From my point of view I prefer (but still don't like) Facebooks version because if at any time I feel that my IP is going to be misused I can delete the content or my account and the IP rights I have given Facebook are immediately cancelled and Facebook can no longer use that content.
A few years ago I wrote a custom web application for a print house that dealt with large format file sharing, my lawyers recommended similar terms but instead of this style of disclaimer we found that a liability waiver was better for us and the client. This meant that the sole responsibility for IP rights fell on that of the party uploading the information and we took no responsibility if there was an issue with the IP. The client initially had a problem because of the "what if you screw up and the information gets online before it can be printed resulting in loss of income?", in this case if it was our app that caused the problem our professional liability insurance would cover it but the terms were specifically covering the IP side of the problem.
In response we still supplied the alternative of granting us IP rights and explained that we can act on behalf of an authorised party in delivery if we have a liability disclaimer but without it we would require the IP rights to for delivery otherwise it could be seen as copyright infringement (this is the basic gist anyway).
In our case the issue was 3rd party designers that did not own the rights to trademarks and copyright material were uploading files for printing items such as billboard posters. The designers had the right to provide copies of the material to the printers and companies they use in service delivery (very standard clauses in these types of contracts) so we used that. We also had a box on every upload to the servers confirming that and making it clear that the designer has liability should they be doing something wrong, we also made sure there was a box to confirm that they have permission to provide the copy to our client.

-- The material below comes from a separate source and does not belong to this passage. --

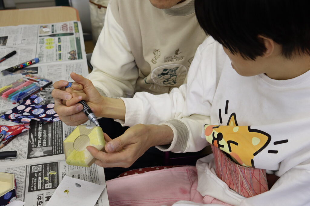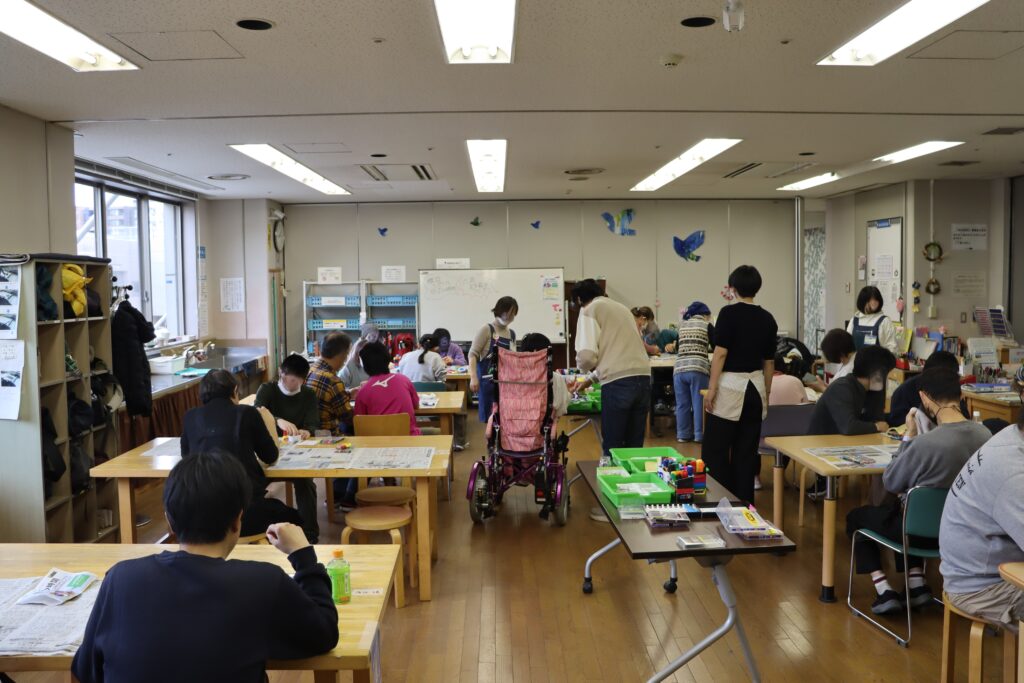 図工の時間は、主に障害のある小学生以上の方を対象とした、工作系のプログラムです。つくるものはその時々で変わりますが、3月は「六角形の玉手箱」をつくりました。12組22名のご参加があり、とても賑わっていました!

I have been considering redeveloping this over the past couple of months however I haven't been able to get a straight answer if the same terms can be used due to changes in the IP laws. The only thing we have been told is if the client has the server (or VPS) under their name and the software is licensed to allow the upload of items that the client has the permission to provide to the specified 3rd party/parties and the 3rd party/parties are advised of the permission(s) they have been granted prior to download and they must agree then our liability to the IP is almost completely negated with responsibility going back to the user uploading and the licensee that is responsible for the usage of the application being on a server under their control.
But it is a complicated situation, there are a few other aspects but this is the big one.
I hope all that make sense you you guys, I had to re-read the legal liability assessment of this about 3 times before I understood it as this (more basic) version.
What do you guys think of this type of license and solution allowing professionals to securely share their files with clients/colleagues?